In this section we review the definitions of trigonometric functions.

Subsection 1.3.1 Angles and Sectors of Circles

Mathematicians tend to deal mostly with radians and we will see later that some formulas are more elegant when using radians (rather than degrees). The relationship between degrees and radians is:

\begin{equation*} \pi~\mbox{rad} =180^\circ\text{.} \end{equation*}

Using this formula, some common angles can be derived:

\begin{equation*} \begin{array}{l|ccccccccccc} \mbox{Degrees} \amp 0^\circ \amp 30^\circ \amp 45^\circ \amp 60^\circ \amp 90^\circ \amp 120^\circ \amp 135^\circ \amp 150^\circ \amp 180^\circ \amp 270^\circ \amp 360^\circ \\ \hline \mbox{Radians} \amp 0 \amp \ds{\frac{\pi}{6}} \amp \ds{\frac{\pi}{4}} \amp \ds{\frac{\pi}{3}} \amp \ds{\frac{\pi}{2}} \amp \ds{\frac{2\pi}{3}} \amp \ds{\frac{3\pi}{4}} \amp \ds{\frac{5\pi}{6}} \amp \ds{\pi} \amp \ds{\frac{3\pi}{2}} \amp 2\pi \end{array} \end{equation*}
Example 1.32. Degrees to Radians.

To convert \(45^\circ\) to radians, multiply by \(\ds{\frac{\pi}{180^\circ}}\) to get \(\ds{\frac{\pi}{4}}\text{.}\)

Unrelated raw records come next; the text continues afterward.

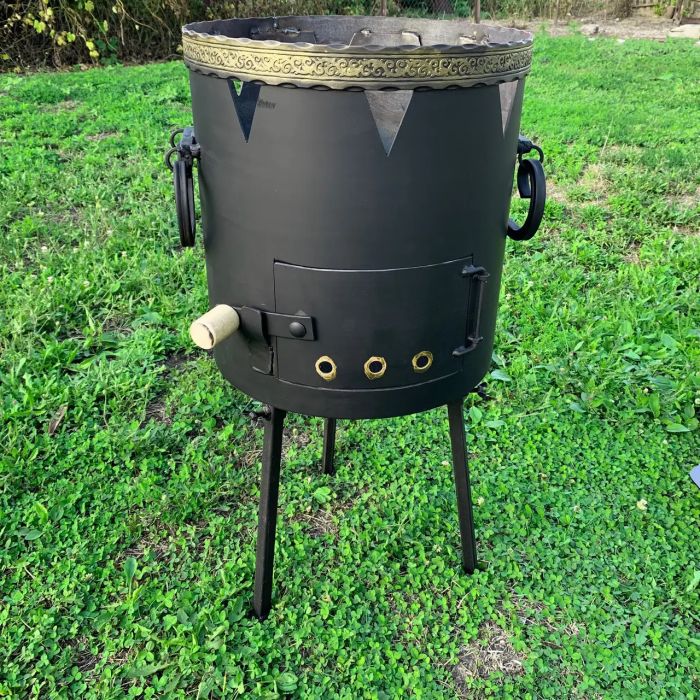 Печь под казан имеет разборные ножки, благодаря чему доставка транспортной компанией не будет стоить дорого. Выкрашена жаропрочной краской. Дверцы для закладки дров имеют ненагревающуюся ручку, пользоваться ими легко и безопасно. Также дверцы имеют отверстия для формирования постоянной тяги. Прочные ручки по бокам позволят с легкостью установить печку на подходящее место на вашем участке.
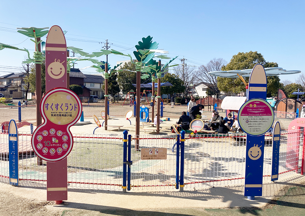 かさまるくん遊具は6~12歳向けの大型遊具ですが、笠松町運動公園には、3~6歳向けの小さめサイズの幼児用遊具も設置されています。また、1~3歳未満児のお子さん専用の遊び場「すくすくランド」が設けられていたりと、幅広い子育て世代に向けて多種多様な遊具が設置されています。
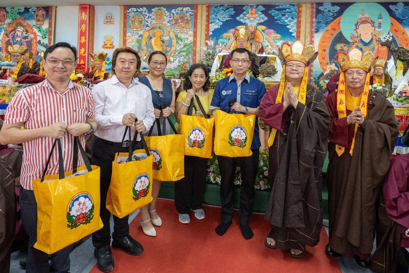 延续“活动不忘布施”传统,马来西亚真佛宗密教总会在护摩法会前,于世界真佛宗宗务委员会会长莲花程祖上师见证下,由总会长释莲太上师移交总值马币10万令吉的慈善资源。其中7万令吉生活物资惠及马来西亚北方大学语文、文明暨哲学院、华光功德会(霹雳州分会)、金宝福利部等多地教育与慈善机构;另3万令吉助学金资助务边新咖啡山国民型华文小学、拉湾古打华小及文明华小共300名清寒学子,落实教育关怀。
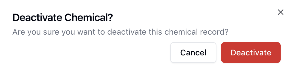 After clicking the Deactivate button, a popup appear to confirm the action. To move forward with deactivating a chemical, click the Deactivate button once more. Otherwise, clicking Cancel returns to the previous screen.
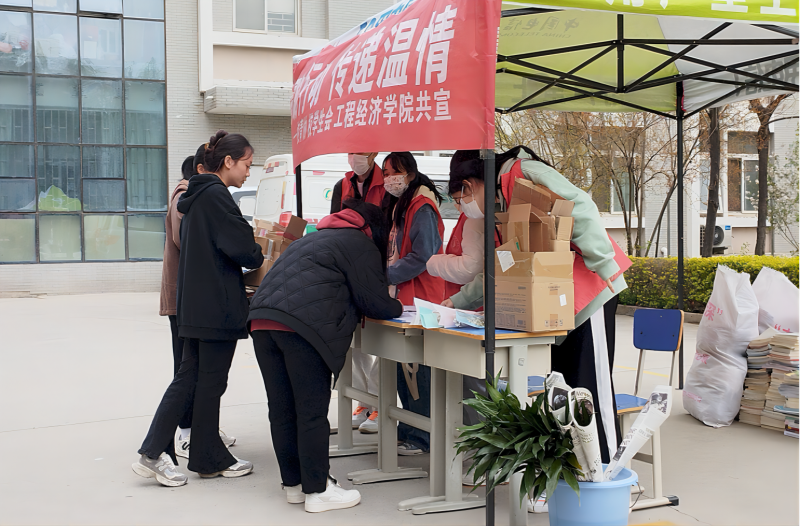 活动在校园内开设三处捐赠点,分别为一号学生宿舍楼楼前、菜鸟驿站附近以及餐厅南门。广大师生将旧衣、旧书、旧纸箱带到捐赠活动现场,献上自己的一份爱心。

Example 1.33. Radians to Degrees.

To convert \(\ds{\frac{5\pi}{6}}\) radians to degrees, multiply by \(\ds{\frac{180^\circ}{\pi}}\) to get \(150^\circ\text{.}\)

From now on, unless otherwise indicated, we will always use radian measure.

In the diagram below is a sector of a circle with central angle \(\theta\) and radius \(r\) subtending an arc with length \(s\text{.}\)

When \(\theta\) is measured in radians, we have the following formula relating \(\theta\text{,}\) \(s\) and \(r\text{:}\)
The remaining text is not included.